Changes to the Fair Trading Act
New provisions came into effect on 16 August 2022, strengthening protections for businesses and consumers and tackling unfair business practices in New Zealand.
New provisions came into effect on 16 August 2022 strengthening protections for businesses and consumers and tacking unfair business practices in New Zealand. It is important that businesses and consumers understand the implications of these changes and in particular I want to focus on the prohibition on unconscionable conduct and unfair terms in small trade contracts.
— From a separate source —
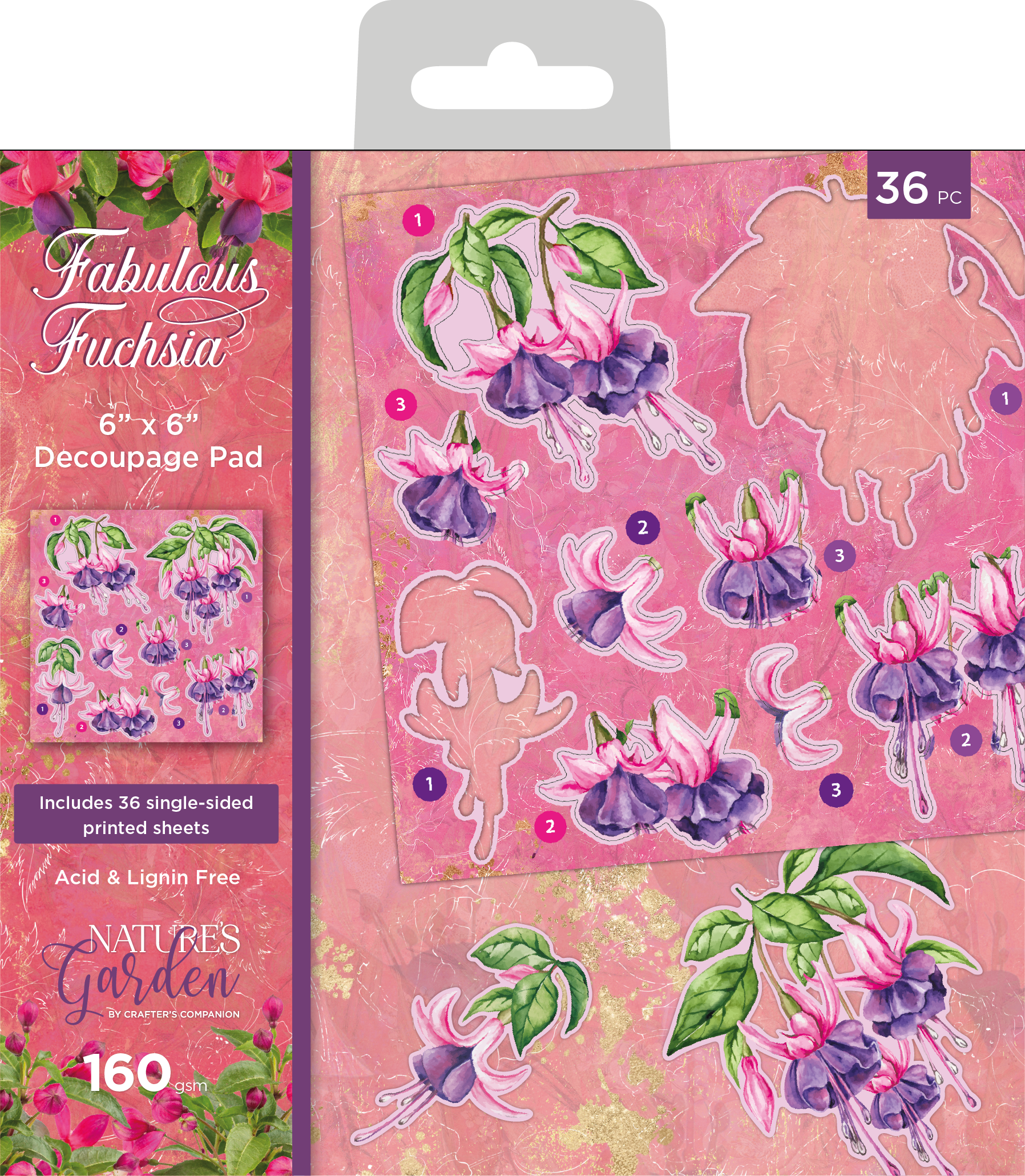 Nature's Garden - Fabulous Fuchsia - 6” x 6” Decoupage Pad

All businesses should review and adjust their current practices to ensure that they are compliant with the new laws and steer clear of any conduct which may breach these new requirements.
Unconscionable conduct is prohibited
Unconscionable conduct is business activity that substantially departs from New Zealand’s generally accepted or expected standards of business conduct, such as commercial conduct that goes against good conscience. Commerce Commission Chair Anna Rawlings explains “good business conscience is measured against the values and norms of modern society and expectation of what is right and proper according to those values and norms”. She goes on to say that “those values and norms can include acting honestly, fairly and without deception or unfair pressure. This is conduct that is more than just hard commercial bargaining, but is clearly unfair and unreasonable”.
Unconscionable conduct can take many forms. It can include a contract between a business and a customer, but it does not have to. It can also involve one off activity or a system or pattern of conduct. No individual needs to be identified as disadvantaged or likely to be disadvantaged by the conduct for it to be considered unconscionable. However, this may often be the case with the most serious cases of unconscionable conduct.
The courts may consider a range of factors in assessing whether certain conduct is unconscionable and some of these factors are listed in section 8(1) of the Fair Trading Act 1986 (“the Act). In summary, these are:
• the relative bargaining strength of the parties
• the extent to which the parties acted in good faith
• whether the affected party could protect their own interests given their characteristics and circumstances
• whether the affected party could understand documents provided to them
• the use of undue influence, pressure or unfair tactics by the business
• whether the business made clear to the affected person anything the business might do that would adversely impact the affected person’s interests or create a risk for them.
The court can also have regard to any other circumstances that indicate that the business has acted unconscionably, in addition to the factors listed. If parties have entered into a contract, the courts may also consider matters under section 8(2) of the Act such as the circumstances at the time the contract was entered into, including whether there was an opportunity for effective negotiation and legal advice, whether the terms of the contract are reasonable and the conduct of the business after the contract was entered into.
Unfair terms in small trade contracts
Businesses are also protected from unfair terms in standard form small trade contracts. These are ‘take it or leave it’ contracts such as many power or phone service agreements. Many standard commercial supply agreements may also be standard form small trade agreements. Terms in these types of contracts can be assessed as unfair under the new law if, at the time the contract is entered into, it forms part of a trading relationship with an actual or expected annual value of less than $250,000.
Remember that contracts are legal agreements and it’s important that you read the whole contract through carefully. Check that you understand what is expected of you and of the other business or party to the contract. Ask questions and seek independent advice if there is anything you are unsure about or do not understand. If a business gives you an explanation of terms or words in a contract, ask for the explanation to be put in writing and attach it to the contract.
The Commerce Commission can take action to stop a business from using an unfair term in a standard form consumer contract by applying to the Court for a declaration that it is unfair. If the Court declares that a term is unfair, it is an offence under the Act to apply, enforce or rely on it and the business could be prosecuted.
Generally a term in a standard form consumer contract will be unfair if it puts customers at an unfair disadvantage by creating a significant imbalance in the rights and obligations between the business and its customers, if it would cause detriment to the customer if it was relied upon, and if it is not reasonably necessary to protect the legitimate interests of the business.